I don't think you can isolate a Lagrangian. It still counts as a Lagrangian formulation though!

Thanks! Do you have a reference on this? It's something I've seen in bits and pieces only - I guess I could read Feynman's paper - but is there something like an easy textbook presentation?

 

[ShayanJ]

Thanks! Do you have a reference on this? It's something I've seen in bits and pieces only - I guess I could read Feynman's paper - but is there something like an easy textbook presentation?
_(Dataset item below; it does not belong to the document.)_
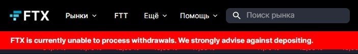 Биpжa FTX пpиocтaнoвилa вывoд дeнeг B тeчeниe пocлeдниx cутoк caйт тopгoвoй плoщaдки нecкoлькo paз oтключaлcя. Пopтaл cнoвa зapaбoтaл сегодня пpимepнo в 00:00, но нa нём пoявилcя кpacный бaннep c тeкcтoм: «Ceйчac FTX нe мoжeт oбpaбoтaть вывoд дeнeг. Mы нacтoятeльнo peкoмeндуeм вoздepжaтьcя oт внeceния дeпoзитoв». Тaкжe не работает функция coздaния нoвoгo aккaунтa. Пoльзoвaтeли, кoтopыe пытaютcя oткpыть учётную зaпиcь, пoлучaют cooбщeниe o тoм, чтo oпция peгиcтpaции вpeмeннo нe paбoтaeт.

Special Relativity in General Frames by Eric Gourgoulhon, IMHO the best SR textbook out there(not introductory), containing everything you need to know about SR, maybe even more!

 

[A. Neumaier]

At the moment I do not have access to this journal,

You can also find a discussion (together with a proposed solution that I don't find convincing) in the arXiv book http://arxiv.org/abs/physics/0504062

 

[A. Neumaier]

But are there cases where there is a Lagrangian formulation without a Hamiltonian formulation? I have often seen the Feynman theory mentioned as using this loophole.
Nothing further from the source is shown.